4. Divvy up the housework evenly-or at least in a way that works for you. I have no issue doing anything but the trash. Obviously, if John sees me doing something, he will help me but the main job he has is to make sure the trash is never gross and over flowing.
5. Just because you are living together now does NOT mean you need to or should spend each and every waking moment with one another..yes you moved in together to be with one another but you each need your own alone time, time with friends, and space so, figure out a system that works best for you. For us, our schedules work so J leaves for work well before me so I have some time in the morning and I get home much later than him so, he has time in the afternoons. Saturdays, J works in the morning so I have the whole day to myself and Monday nights, he has the night to watch the MNF games or do whatever.. it just works for us that way but everyone is different.
6. C O M P R O M I S E its hard. but its necessary. If you always watch a certain show on Mondays (for example), and a big game is on, DVR your show and watch the game with your man.. If he wants a picture in a certain space, make it work.
7. Show your love. Do sweet things for one another..anything from leaving a quick note to buying flowers or making dinner-just because you are living together does not mean you can stop being sweet.

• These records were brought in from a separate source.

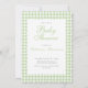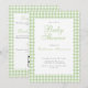 Um convite duplo lado fofo e sofisticado para um chá de bebê neutro em relação ao gênero, apresentando xadrez verde-sage com uma borda rendilhada. O verso tem espaço para informações sobre a lista de presentes do bebê e outros eventos da festa. Adicione o site ao código QR para personalizar a seção escaneável do convite para seus convidados. Perfeito para um chá de bebê elegante para dar as boas-vindas ao seu novo bebê.
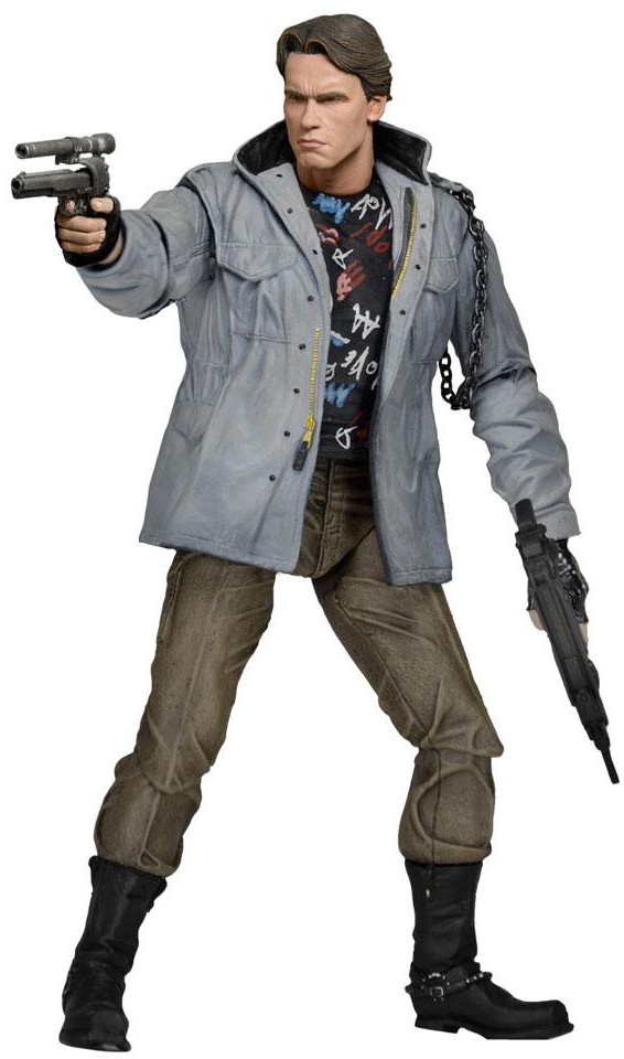 The Ultimate Tech Noir T-800 features that punk outfit with metal jacket chain film and bears the likeness of Arnold Schwarzenegger. The deluxe 18 cm figure has over 25 points of articulation, plus 3 interchangeable heads, interchangeable right forearm, alternate hand, a small arsenal of weaponry, and two surgical tools for post-battle repairs.
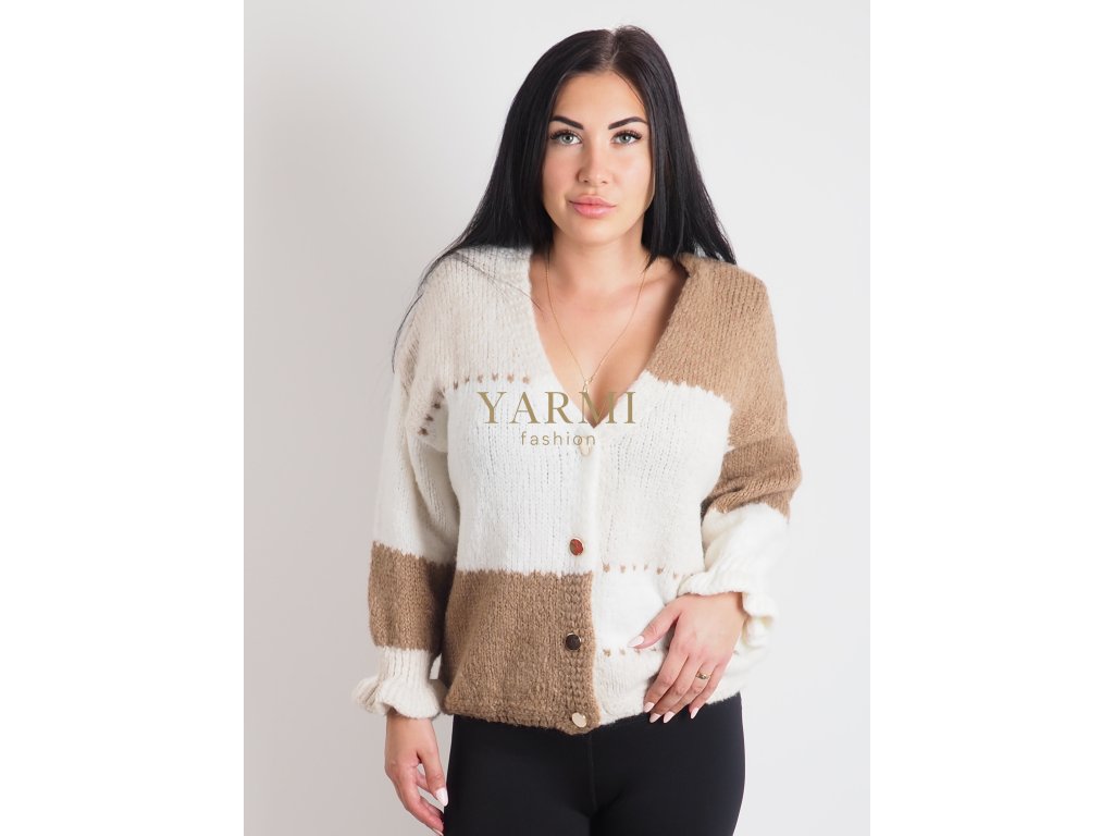 Štýlový dámsky sveter v béžovo-hnedej kombinácii s jemným kontrastným prechodom farieb. Model má voľnejší strih, ktorý pôsobí ležérne a zároveň elegantne. Výstrih do V opticky predlžuje siluetu a dodáva ženský vzhľad.

8. Make a space for each of you. We kind of share a space but it is set up for both of us. We converted the spare bedroom into an office/man cave/ guest room. I decked it out in absolutely all of his favorite New England sports things. All of the office accessories are pats related but it is tasteful and organized so it works for both of us.
9. GET OVER IT. seriously, you have to learn to pick your battles. Not every thing needs to be a matter of national security or a fight-it isn't worth it.